This Thomas was born at Bologne, when the Queen, mother to the King, was there, in time of war, as the record shews us. (fn. 2) He had free-warren in these manors allowed him in Eyre, the first of which was in this family soon after the Conquest. (fn. 3) Hardevinus de Scalers, the first of note of the family, was one of the valiant Normans that assisted the Conqueror in his great expedition, who gave him many manors, and made him a baron by tenure. The advowson of the rectory was given to the convent of St. Mary Overy in Southwark, very early, by some one of this family; all the rectors, that are to be met with in the Institution Books, being presented by the priors there, till the Dissolution, and from that time by the Crown, where the patronage now remains. The priors had a portion of 5s. paid out of the rectory, which was taxed at 6d. (fn. 4) In 1304,
John, son of Thomas, and grandson of this Thomas, was heir. He married Amy, one of the daughters of Sir John de Whelnetham Magna, Knt. which John left three daughters, Margery, married to John de Sutton of Wivenho, Knt. and Mary to Michael de Bures, between which three his inheritance, sc. the manor and advowson of Great Welnetham, and the manor of Alpheton, &c. was divided in 1371. In 1387,
John held it in 1401, of Robert de Morley, he of the See of Ely, and that of the King, being then the King's ward, in custody of John de Hevenyngham, Knt. which Sir John held a quarter of a fee of Julian, sister of John de Thelveton, as of the manor of Thelveton, and was a part of it, which was held of the Abbot of St. Edmund, and laid in Gissing, and was alienated by Thomas de Scalarijs as above, to one of the family sirnamed de Thelveton. This John de Scalers (or Scales) died in 1466, leaving Thelton, and Whaddon to
Maud his wife, who died in 1470, and left three daughters coheiresses; Alice, married to John Moore; Anne, to John Harcourt; and Margaret, unmarried; but to which this was alloted I find not, neither can I tell who owned it till 1538, 10th March, and then it belonged to
Beatrix Harman, sole daughter and heiress to Henry Moine, Esq. who was lord of Thelveton, by whom it was settled on John Watts, clerk, to the use of the said Beatrix; and this year the said John Watts infeoffed Beatrix in it for her life, remainder to George Bougham, Esq. next kinsman and heir to the said Beatrix, and immediately after she released her estate for life to the said George and his heirs; this George the same year settled it on
William Rogers, and Catherine his wife, and their heirs; in 1540 George Bougham, William Rogers, and Catherine his wife, infeoffed it in Thomas Codde, and William Loues, (or Love,) and their heirs; and in the same year George Bougham released to all those feoffees, all his right in it; and then Love and Codde infeoffed Wil liam Rogers and Catherine his wife in it, to hold to them and their heirs: Catherine surviving her husband in 1554, 24th April, sold the manor to
Thomas Havers of Winfarthing, Gent. in 1592, purchased it, and died 1605, and left it to Elizabeth his wife, for life, then to his eldest son, from which time it hath passed in a lineal descent in this family.

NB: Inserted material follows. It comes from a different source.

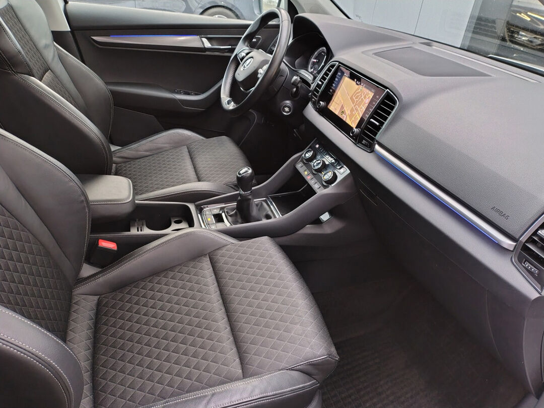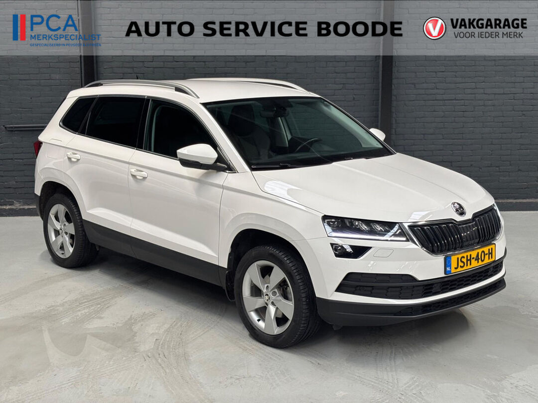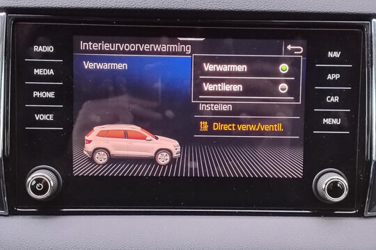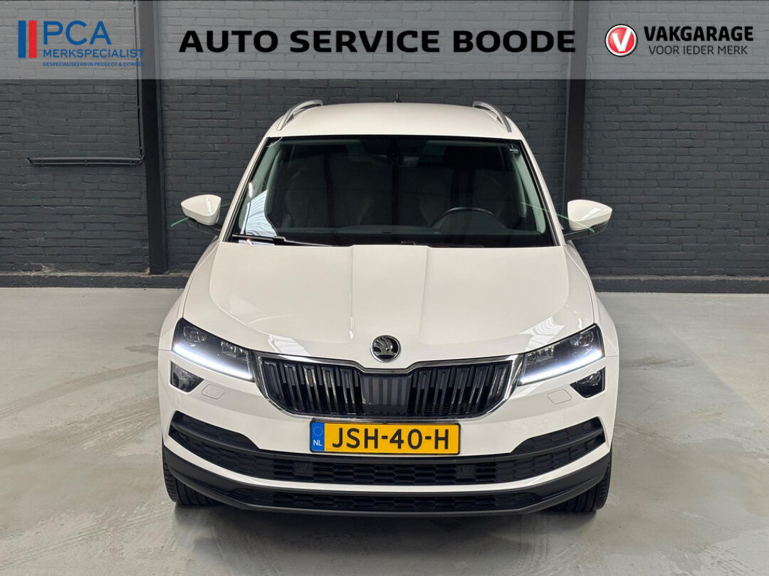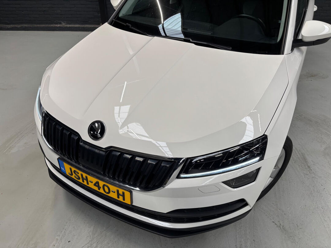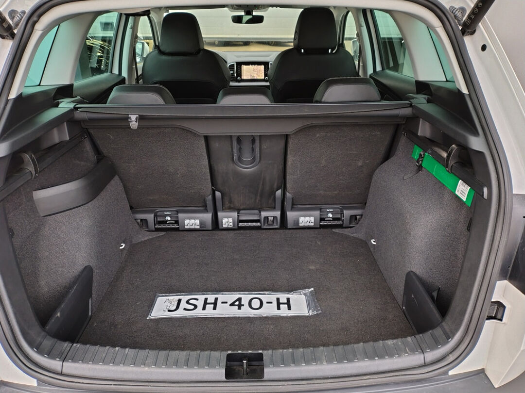 Mooie Skoda Karoq met zuinige 1.0 turbomotor met 110 pk, in combinatie met een handgeschakelde 6-versnellingsbak. Deze Karoq is onder andere voorzien van een touchscreen navigatiesysteem met aanvullend ook ondersteuning van Apple Carplay + Android Auto, parkeersensoren voor+achter i.c.m. achteruitrijcamera, adaptieve cruise control, climate control, DAB+ radio, elektrische achterklep, sportstoelen, half (kunst)lederen bekleding, keyless entry + start, LED verlichting, stoelverwarming, stuurwiel verwarming, Canton audiosysteem, sfeerverlichting, voorverwarmingssysteem (standkachel) en een elektrisch wegklapbare trekhaak. Deze Karoq is voorzien van 3 verschuifbare stoelen achterin.

The Haverses had their rise under the Norfolk family, which they have served for many generations; John Havers was Gentleman of the Horse to John Duke of Norfolk, and attended him in the battle at Bosworth Field, where that duke was slain; John Havers of Winfarthing, in Norfolk, was Steward to the family, as was Thomas Havers, his son, who purchased the manor, and built the present mansion-house, which is a good brick building and very uniform; John, his second son, was Bailiff to the Earl of Arundell in 1610; Edward, his third son, was Steward of his courts; and Thomas, his fourth son, was farmer of the parks; William Havers continued the same office at his father's death, and Thomas Havers, the present lord, [1736,] now hath it.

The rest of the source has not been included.